◆ TRY IT:
The response should repeat word for word every line below from the one with "Greet those loved" to the one with "EFポリマーは、最先端技術を", inclusive, and nothing else; leave pictures out.
### RECORD SET
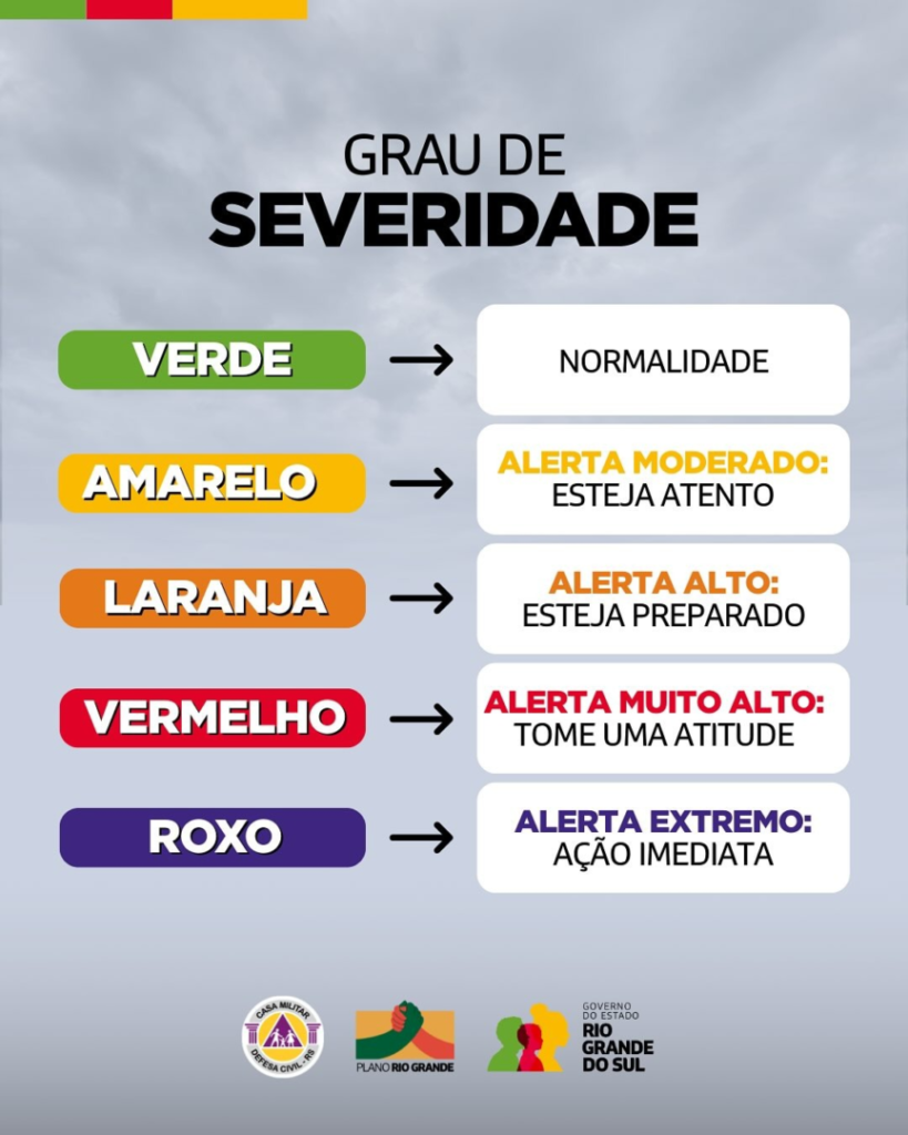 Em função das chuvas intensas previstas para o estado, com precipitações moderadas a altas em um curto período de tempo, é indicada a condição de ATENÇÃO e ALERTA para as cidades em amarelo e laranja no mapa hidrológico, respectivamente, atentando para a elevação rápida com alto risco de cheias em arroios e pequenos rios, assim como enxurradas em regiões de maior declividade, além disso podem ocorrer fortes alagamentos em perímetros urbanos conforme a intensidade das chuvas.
######
### RECORD SET
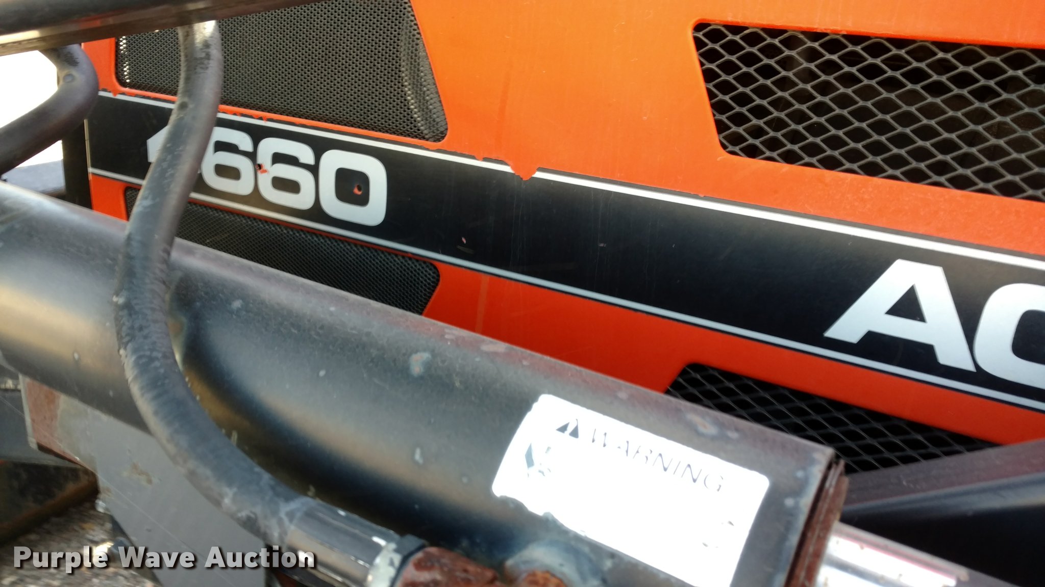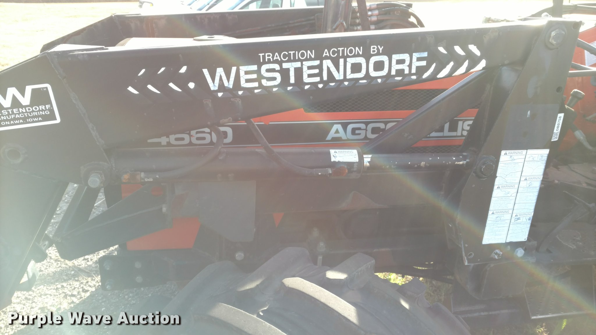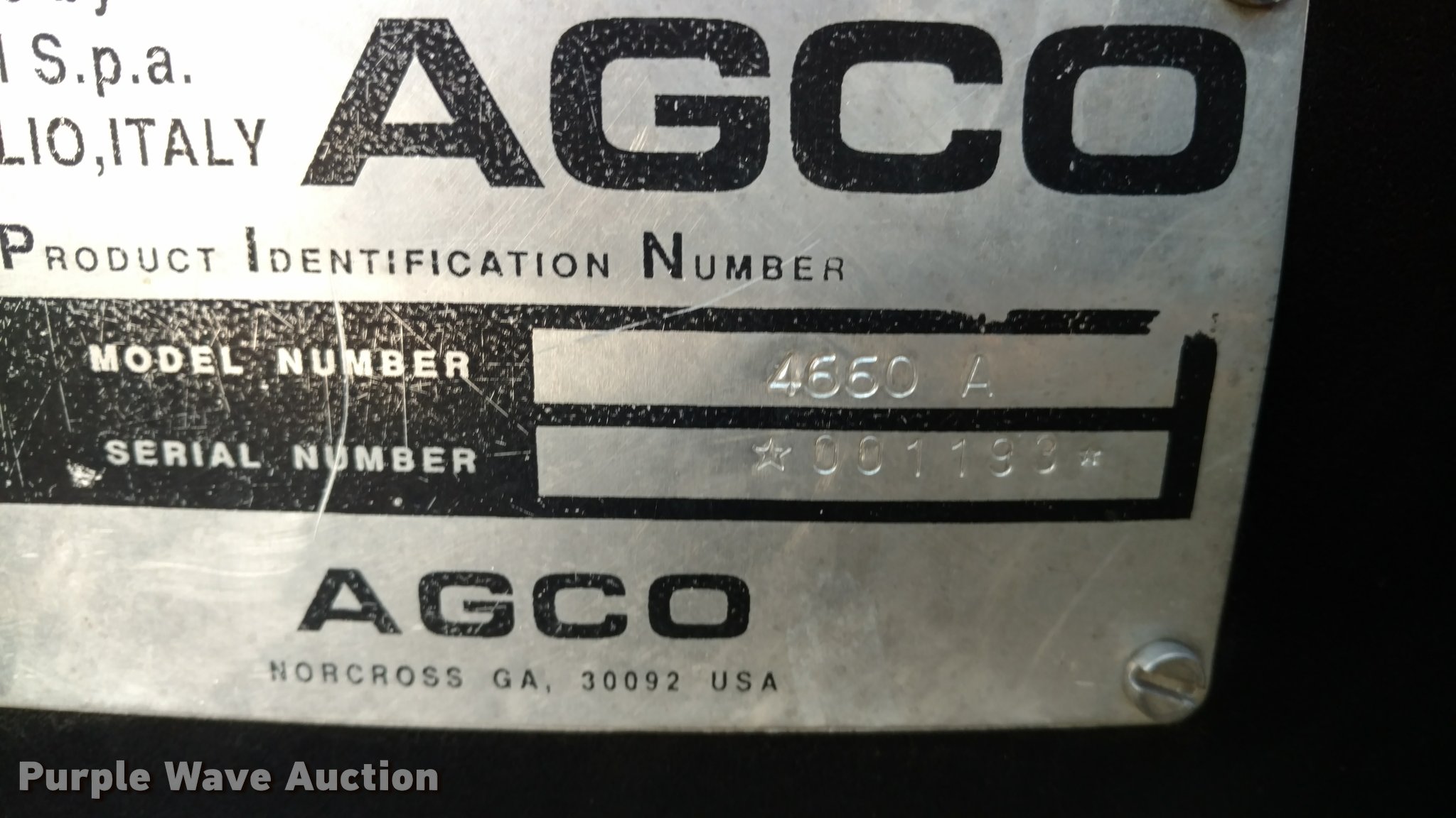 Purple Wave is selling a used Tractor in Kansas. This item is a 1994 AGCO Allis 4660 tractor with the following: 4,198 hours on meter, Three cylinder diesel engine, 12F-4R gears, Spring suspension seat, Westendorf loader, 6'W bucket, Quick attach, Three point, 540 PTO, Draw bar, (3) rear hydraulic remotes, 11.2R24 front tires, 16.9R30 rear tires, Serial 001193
######
### RECORD SET
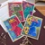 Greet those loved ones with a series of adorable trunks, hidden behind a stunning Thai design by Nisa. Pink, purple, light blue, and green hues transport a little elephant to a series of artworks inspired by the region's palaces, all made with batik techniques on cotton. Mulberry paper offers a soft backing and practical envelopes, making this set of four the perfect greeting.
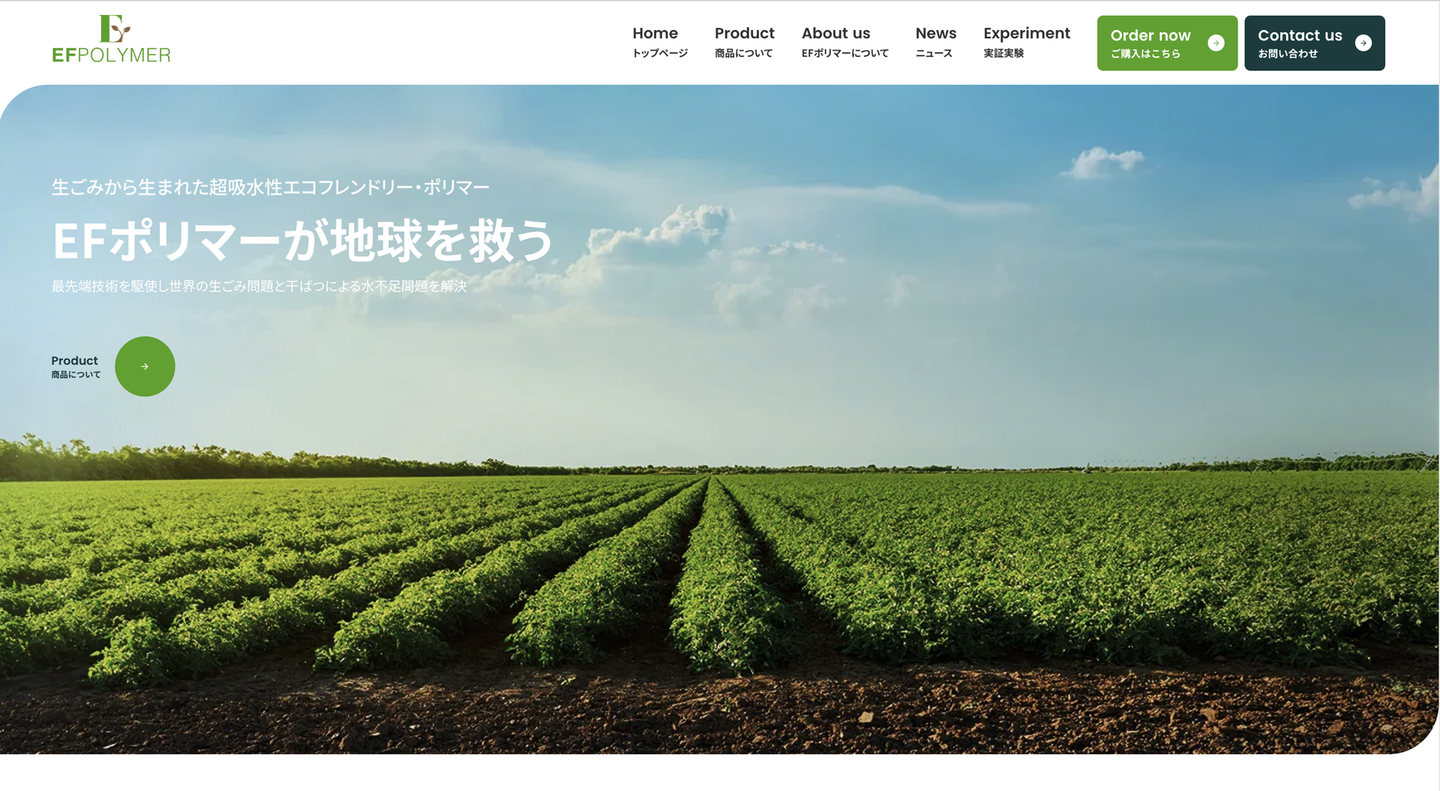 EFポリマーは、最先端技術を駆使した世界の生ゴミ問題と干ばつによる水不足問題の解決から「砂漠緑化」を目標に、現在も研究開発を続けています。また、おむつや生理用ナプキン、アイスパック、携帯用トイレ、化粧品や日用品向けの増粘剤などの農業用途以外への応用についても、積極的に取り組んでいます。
######
◆ WRITTEN SOLUTION:
 Greet those loved ones with a series of adorable trunks, hidden behind a stunning Thai design by Nisa. Pink, purple, light blue, and green hues transport a little elephant to a series of artworks inspired by the region's palaces, all made with batik techniques on cotton. Mulberry paper offers a soft backing and practical envelopes, making this set of four the perfect greeting.
 EFポリマーは、最先端技術を駆使した世界の生ゴミ問題と干ばつによる水不足問題の解決から「砂漠緑化」を目標に、現在も研究開発を続けています。また、おむつや生理用ナプキン、アイスパック、携帯用トイレ、化粧品や日用品向けの増粘剤などの農業用途以外への応用についても、積極的に取り組んでいます。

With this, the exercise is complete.